Data section.
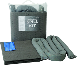 The kit includes absorbent socks to contain spills and protect drains and absorbent pads to soak up spilled liquids. Disposal bag and zip-tie included. Instructions for use clearly displayed on exterior label.
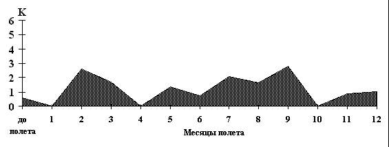 Рис. 14. Степень активации высших вегетативных центров (по значениям коэффициента К) в 14 месячном космическом полете.
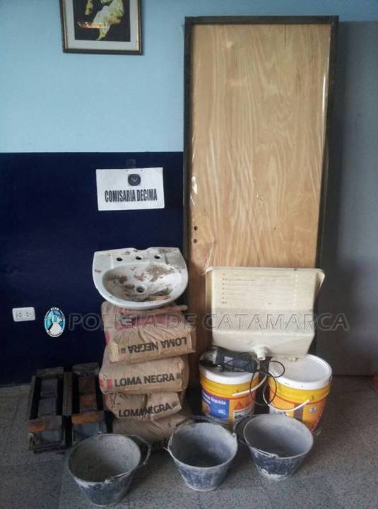 Tras constituirse en el lugar, los propietarios de los inmuebles entregaron en forma voluntaria: 3 tubos de metal de 5 Mts. de largo; 1 lavatorio de color blanco; 1 pileta de plástico de color blanco; 2 caños de PVC de 110 cm. de 5 Mts. de largo; 2 bloqueras de molde tamaño 15; 2 tachos de membrana liquida de 20 Lts., marca SIKA; 4 bolsas de cemento; 1 amoladora marca Bosh de color verde; 2 chapas de zing, una de ellas de 4 y otra de 2 1/2 Mts; 3 baldes de albañil; 1 martillo; 1 martelina; 1 puerta placa de madera; 1 rollo de manguera de plástico de color negro.
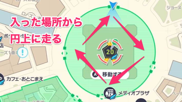 ▶ワイルドゾーン20のポケモンの出現場所中心に近づきすぎないように内側をまわる

Goal of the exercise. Every line above is to be repeated exactly, but no picture is to appear in the copy.

Result of this exercise.
 The kit includes absorbent socks to contain spills and protect drains and absorbent pads to soak up spilled liquids. Disposal bag and zip-tie included. Instructions for use clearly displayed on exterior label.
 Рис. 14. Степень активации высших вегетативных центров (по значениям коэффициента К) в 14 месячном космическом полете.
 Tras constituirse en el lugar, los propietarios de los inmuebles entregaron en forma voluntaria: 3 tubos de metal de 5 Mts. de largo; 1 lavatorio de color blanco; 1 pileta de plástico de color blanco; 2 caños de PVC de 110 cm. de 5 Mts. de largo; 2 bloqueras de molde tamaño 15; 2 tachos de membrana liquida de 20 Lts., marca SIKA; 4 bolsas de cemento; 1 amoladora marca Bosh de color verde; 2 chapas de zing, una de ellas de 4 y otra de 2 1/2 Mts; 3 baldes de albañil; 1 martillo; 1 martelina; 1 puerta placa de madera; 1 rollo de manguera de plástico de color negro.
 ▶ワイルドゾーン20のポケモンの出現場所中心に近づきすぎないように内側をまわる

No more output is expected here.